These FTSE shares may offer some safety as Trump slaps tariffs on trading partners

The FTSE 100 and FTSE 250 moved sharply downwards on Thursday (3 April). The moves mark a reaction to new US tariffs, not just those imposed on the UK, but globally.

That’s because the UK’s largest-listed companies produce and operate globally, and not just in the UK. What’s more, this downward movement in shares is nothing compared to what we’re seeing in the US where pre-market activity indicates something of a selloff.

So where might investors find safety in the UK market? Here are two ideas to consider.

Jet2

Jet2 (LSE:JET2) shares appear highly undervalued, trading at just 0.85 EV-to-EBITDA, a figure that highlights the disconnect between its valuation and operational strength. Unlike many airlines, Jet2 benefits from a robust net cash position of £2.3bn, which is projected to grow to £2.7bn by 2027.

This liquidity provides a solid foundation for strategic investments and shields the company from macroeconomic shocks, including tariff risks, which Jet2 has minimal exposure to.

The airline’s plan to replace and expand its fleet is ambitious yet manageable, with annual capital expenditure of £833m aligning with industry norms at 11.4% of revenue for 2025. This ratio is expected to decline further as revenue grows to £8.6bn by 2027.

Jet2’s fleet replacement strategy focuses on operational efficiency, with newer Airbus A321neo aircraft offering lower fuel consumption and higher capacity, which could improve margins in the long run. In the short run however, we could see further downward pressure on oil and jet fuel prices following Trump’s tariffs.

There are risks. This includes the impact of higher National Insurance contributions, Minimum Wage growth, and increased landing fees. However, Jet2’s earnings are forecasted to grow steadily, with EPS increasing from £1.83 in 2025 to £2.08 in 2027.

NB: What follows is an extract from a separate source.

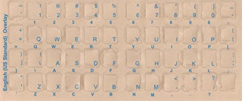 English Keyboard Overlays Stickers, Labels. Blue Transparent Characters for White/Ivory Color Keyboards

For me, Jet2’s combination of cash strength and growth forecasts offer some degree of safety from the volatility. It’s also very cheap. That’s why I’m looking to top up.

AstraZeneca

AstraZeneca (LSE:AZN) — the largest company on the FTSE 100 — has emerged as a potential safe haven amid the fallout from Trump’s sweeping tariffs. According to a clarifying fact sheet from the White House, drugs imported into the US appear exempt from higher-rate reciprocal tariffs. This provides relief to pharmaceutical firms like AstraZeneca and GSK.

While uncertainty remains over whether the broader 10% baseline tariff could apply, AstraZeneca’s strong financial position and global pipeline suggest resilience. The company has reassured investors it is actively assessing the implications of the announcement but expects essential medicines to remain exempt.

AstraZeneca performed well in 2024, and its ambitious pipeline of new medicines and transformative technologies positions it for sustained growth, targeting $80bn in revenue by 2030. With no immediate tariff exposure and a catalyst-rich year ahead, AstraZeneca offers stability in turbulent markets.

However, it’s worth remembering that drug discovery is an expensive business, and many pipeline candidates never make it to market. What’s more, it’s slightly more expensive than some of its peers on a near-term basis. If earnings growth doesn’t materialise, the stock could pullback. Nonetheless, it’s one I’m topping up on.